The League does not judge the merits of the arguments or guarantee their validity. Arguments come from many sources and are not limited to those found in the state ballot pamphlet.
League of Women Voters of California is a nonpartisan organization committed to informed and active citizen participation in government. All citizens, men and women, of voting age are welcome to join. The League has two roles: citizen education and advocacy. Our election services are carried out by the League of Women Voters of California Education Fund and exclude all advocacy.
ACT OF 2002
Legislative Bond Act
Should the state create a trust fund by selling two billion one hundred million dollars ($2,100,000,000) in general obligation bonds to fund 21 types of housing programs, including multifamily, individual and farmworker housing?

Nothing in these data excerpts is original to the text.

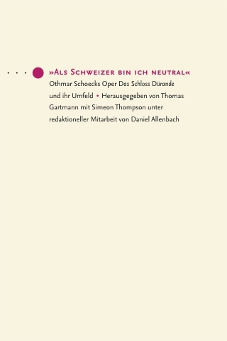 "Als Schweizer bin ich neutral" Othmar Schoecks Oper "Das Schloss Dürande" und ihr Umfeld von Thomas Gartmann Buch | Hardcover 2018 | Auflage: 1 | Edition Argus ISBN: 9783931264901 CHF 68,60 (inkl. MwSt) Titel ist leider vergriffen; keine Neuauflage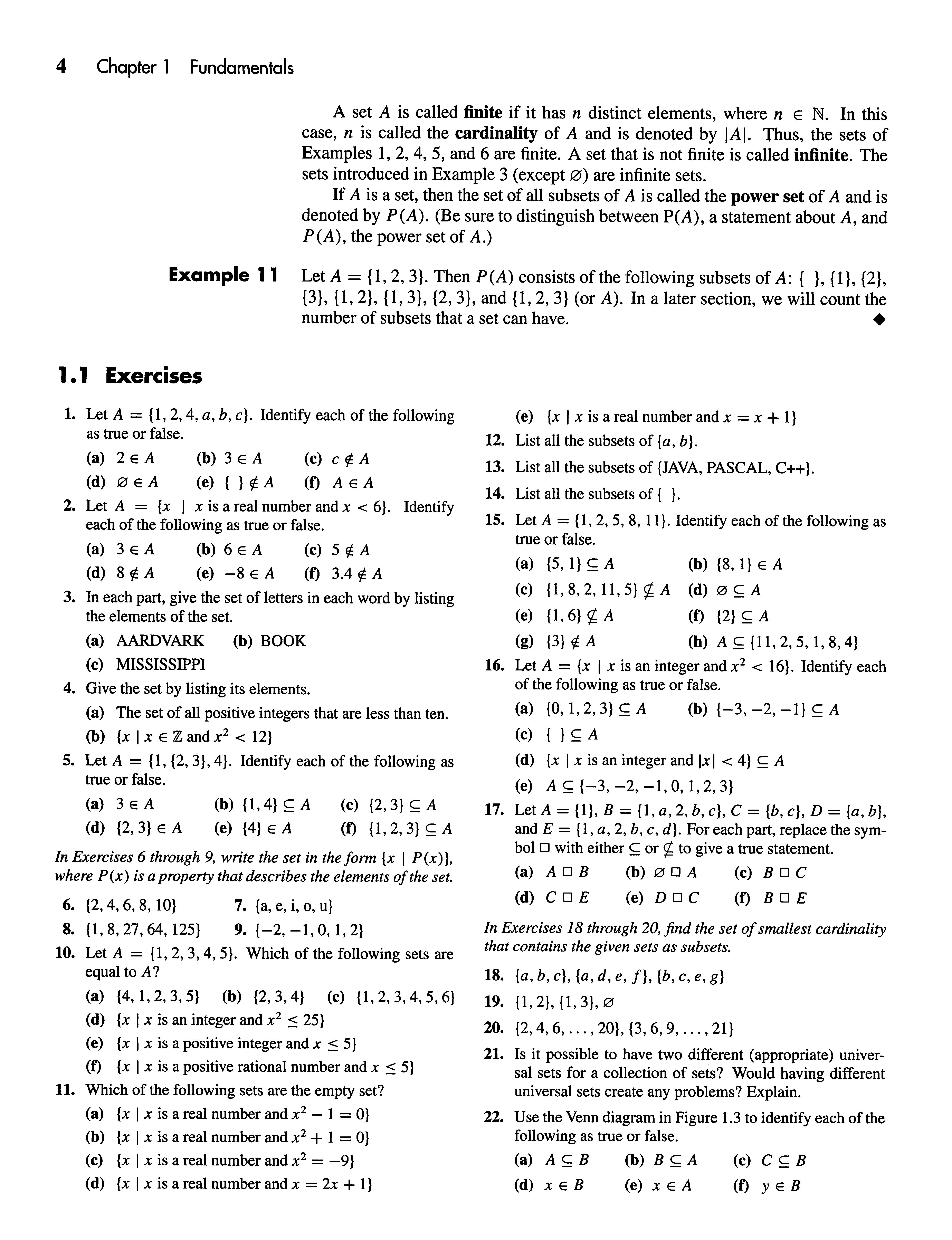 AsetAis called finite ifithas n distinct elements, where n gN.Inthis case, n iscalledthe cardinality ofAandisdenotedby|A|.Thus,thesetsof Examples 1,2,4,5,and6arefinite.Aset that isnotfiniteis called infinite. The setsintroducedinExample3(except 0) areinfinitesets.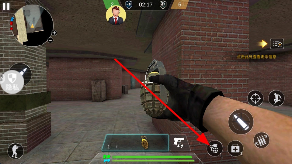 当身处掩体后方无法直接射击敌人时,只需点击手雷的使用按钮,对准目标所在区域投掷出去,就能对该范围内的敌人造成伤害。
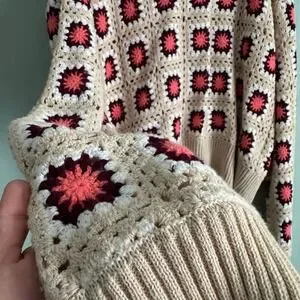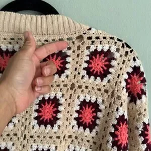PacSun granny square crochet cardigan features a vibrant floral-inspired pattern in pink, burgundy, and white against a tan base. Crafted from 100% cotton, this chunky knit sweater offers a relaxed fit with a button-front closure, V-neckline, and two front patch pockets adds structure to the bohemian, handmade-style aesthetic. Perfect for layering over basics to add a pop of color and texture.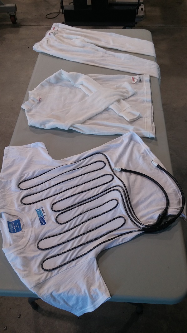 In the meantime I wanted to share some details on the wearable safety equipment. We have been accumulating these components for months now as they require a lot of research and are NOT inexpensive. Just like in other types of racing there are very strict rules on safety equipment. Every piece must be fire resistant and the end date on the tag must not be expired at the time used. For the Salt Flats in August we must be prepared for the heat that Mike will experience in the VERY HEAVY suit. We start with the undergarments. Mike will wear a CoolShirt with veins sewn in to be connected to a cold water tank in the car. One of my jobs will be to chill the water and fill and empty the water tank for each run. The fire retardant undergarments will go on top of the CoolShirt. I do not show them here but there will also be fire retardant socks.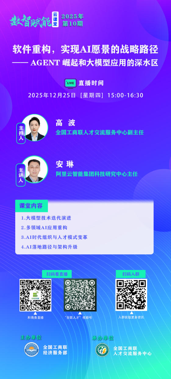 由全国工商联经济服务部主办,全国工商联人才交流服务中心承办的2025年“数智赋能云课堂”第10期将于12月25日15:00-16:00正式开播。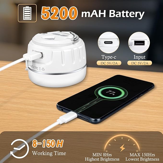- ✅【5200mAh Capacity Battery】Rechargeable Camping light is equipped with a high-quality 5200mAh battery, this Led lantern not only provides reliable illumination but also serves as a convenient emergency power supply for charging mobile devices, providing up to 150 hours of low-brightness illumination for extended outdoor adventures .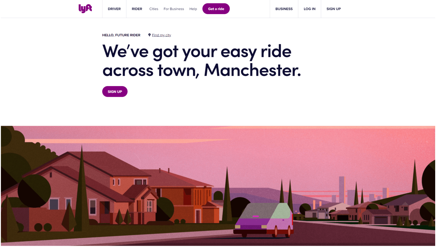 Lyft's website features lots of template-drive, location-focused landing pages.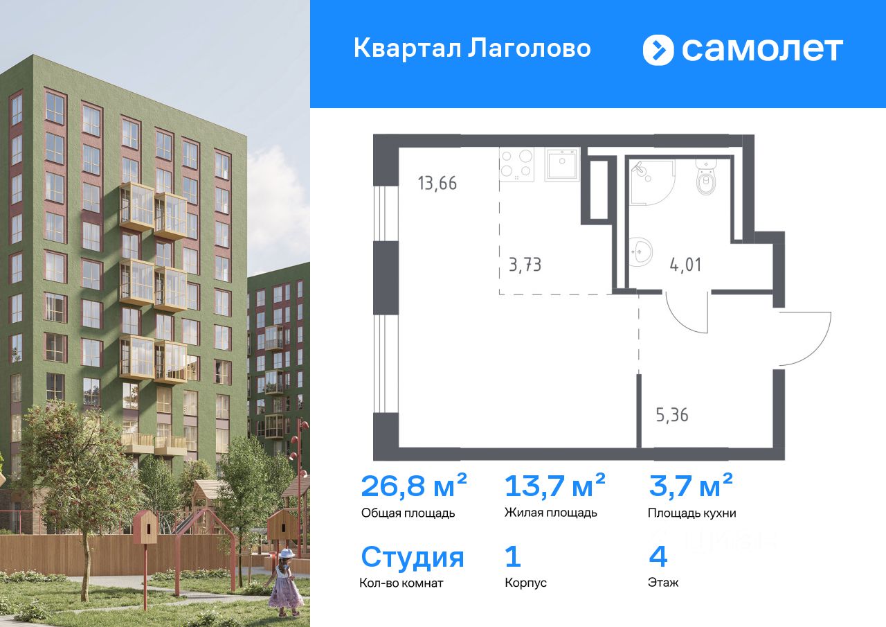Строим кварталы для жизни с заботой о будущем. Предлагается квартира студия комфорт-класса 26,75 кв.м в корпусе 1 на 4 этаже, в ЖК "Квартал Лаголово"

Most of the houses and apartments built in California each year are built with private dollars, but some receive federal, state, and local government subsidies. For some of the units receiving state funds, the state provides lowinterest loans or grants, typically with the requirement that the housing be sold or rented to low income Californians. Other state programs provide homebuyers with direct financial assistance to help with a down payment. State funding for housing programs has varied considerably over time. In 1988 and 1990, voters approved a total of $600 million in general obligation bonds to fund state housing programs, all of which has been spent. Now the state typically spends less than $20 million annually in General Fund revenues on state housing programs except for a recent one-time allocation of $350 million.
Proposition 46 allows the state to sell $2.1 billion of general obligation bonds to fund 21 types of housing programs.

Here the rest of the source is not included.